I am running Keycloak 8.0.1 in HA (2 replicas) on AWS ECS Fargate.
There are something like 20 realms, each of that with at least 100 users and 100 groups (coming from an external LDAP (OpenLdap)).
One of that realm is huge and has ~2000 users and ~7000 groups.
All things goes fine, but we notice a liner CPU and Memory increment over the time, till it reach the limits: CPU ~ 98% and Memory ~ 71% for both 2 running instances.
I am really worried about this behavior.
In attachment the CPU graph (Not the memory one cause I can only attach one image).
Do you have any advice?
Since it is running on Fargate I cannot have any chance to make TD or even HD.

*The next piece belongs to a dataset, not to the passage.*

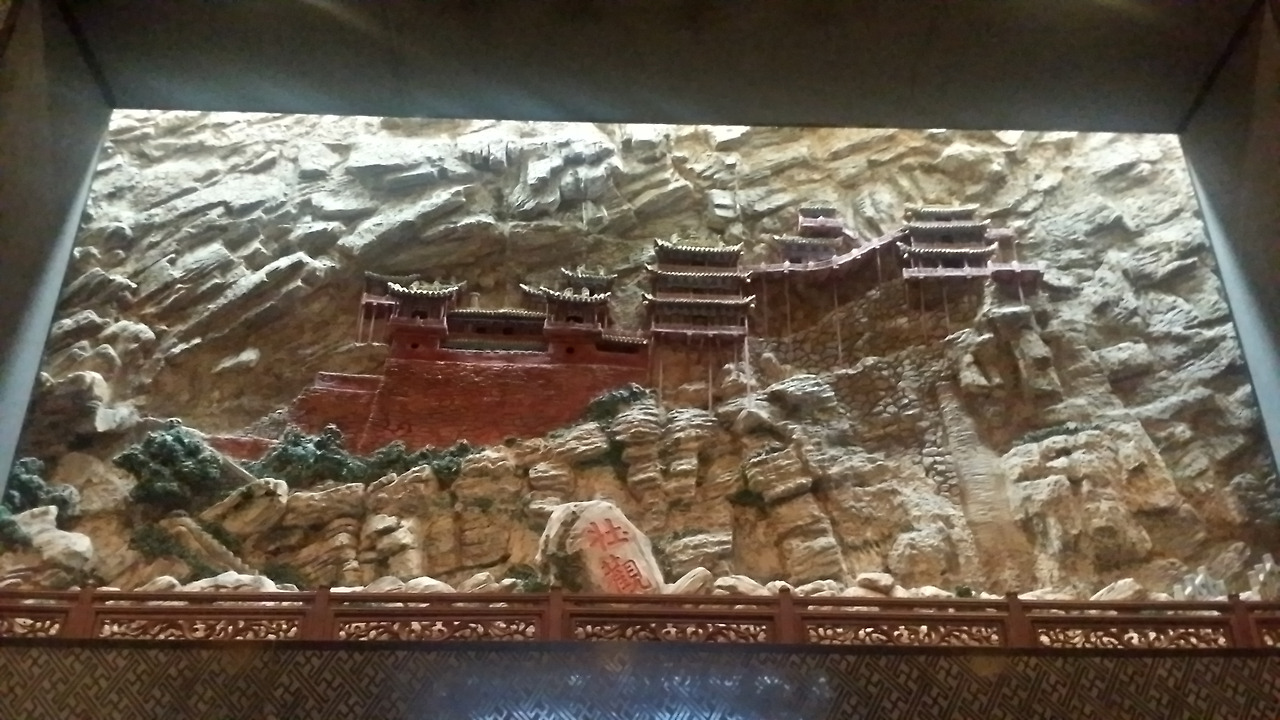 이것은 2층 올라가는 계단 벽에 설치되어 있는 현공사 부조. 우리가 내일 갈 곳이기도 한 곳을 이렇게 먼저 모형으로 볼 수 있었다.
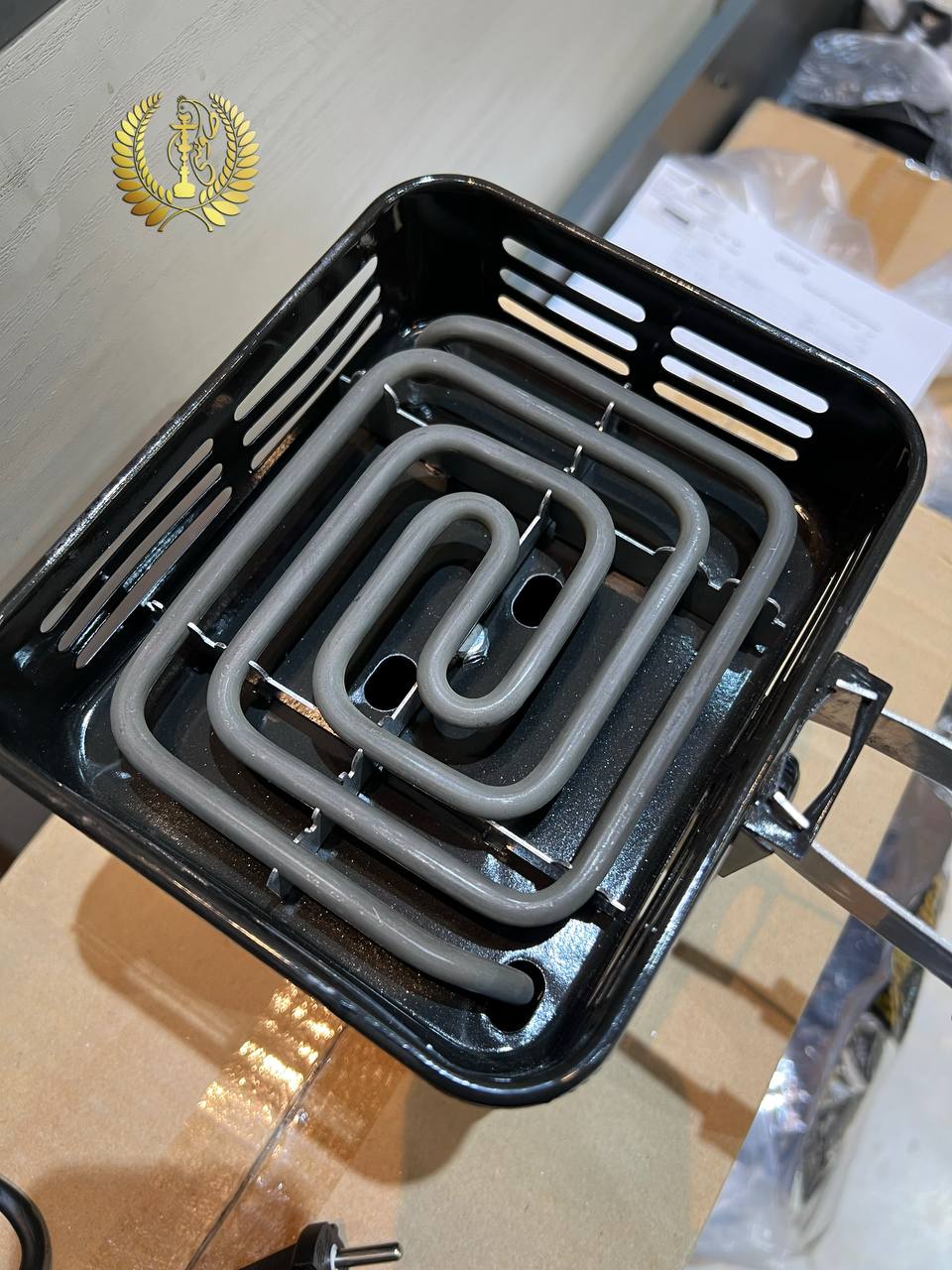 زغالها روی المنت قرار داده شده و دستگاه روشن میشود. المنت برقی حرارت را به طور یکنواخت به زغالها منتقل میکند.

However, I could make it run on ECS (EC2 Instance) if it can help to understand.
my team is running a Keycloak 7.0.0 Standalone HA (2 nodes) on EC2 instance and we had a similar experience. We managed to delay the growth by days instead of hours as in your case.
Can you check/answer the following?:
- How often do your User Federations (LDAP connections) sync?
- Do you use full and changed users syncs?
- Do you have an LDAP errors in your logs?
- Are you sure that all users and groups from LDAP are synced?
- Are your nodes (Keycloak) in Sync?
- Do you have a single LDAP instance or a cluster?
What we discovered:
LDAP Cluster: If LDAP nodes are out of sync the Keycloak members won’t stop updating/syncing the users and fill the heap.
Low sync periods: The higher the period for syncing, the lower the usage. I’d guess from our CPU utillization that your User Federations sync every hour.
- Don’t use “Periodic Changed Users” setting if you use LDAP as source of truth (no other tools like AD, ADFS, … are enabled). There is no need for syncing if you don’t do management in your LDAP system
Wrong User Federation configuration: If you have any errors in the LDAP configuration it may leak open TCP connections filling slowly up your memory
Do you have access to VisualVM, JProfiler, YourKit Java Profiler, NetBeans Profiler, Stackify or New Relic?
Ref: Hunting Java Memory Leaks
Thank you for your feedback.
We runs LDAP in master/slave mode. The first url is the master one. Viewing the keycloak user sync log users are not updated when no need it.
We use LDAP as source of truth for the authentication, but we also use LDAP for get user groups in this case the source of truth is Keycloak. Since user group change in the LDAP we need to keep them in sync often.
I do not notice any error in the Keycloak logs.
I done some configuration changes in the LDAP federation:
- Set an higher period of sync.
- Remove the flag “Preserve Group Inheritance” from the groups-mapper (this reduce by ~30% the time of sync)
- Remove a second groups-to-role-mapper (no more needed by our application)
After that changes I restarts both keycloak instances and the following is the CPUUtilization graph:
I have also conduct a heap analysis.
Those was some evidence:
I can deduct there is some leak in the Keycloak instances sync. So I checked the configuration (default, no customization) and nothing ring me a bell.
I am really convinced that there is some leak somewhere.
I was running Keycloak 4.8.3 in production. The CPU utilization was always under the 1% and the RAM under the 30% (of 2GB).
Since in production we do NOT have big realm, I upgraded Keycloak to the 8.0.1 version without changing any configuration.
Now the CPU utilization is growing day by day as well as the RAM (now at 35%).
So I can confirm that the version 4.8.3 do not have such problem.
I you want the Keycloak team to look into your findings then you will need to open an issue.
@lmolinaro, have you raised an issue? If so, could you please provide the issue number on this thread?
I’m facing the same problem currently, I found several issues in Keycloak Jira that seem to be related to this. I’ll add them here for follow-up:
Upgrading to Keycloak 10 seems to fix this issue. The cpu level is not rising anymore after the update.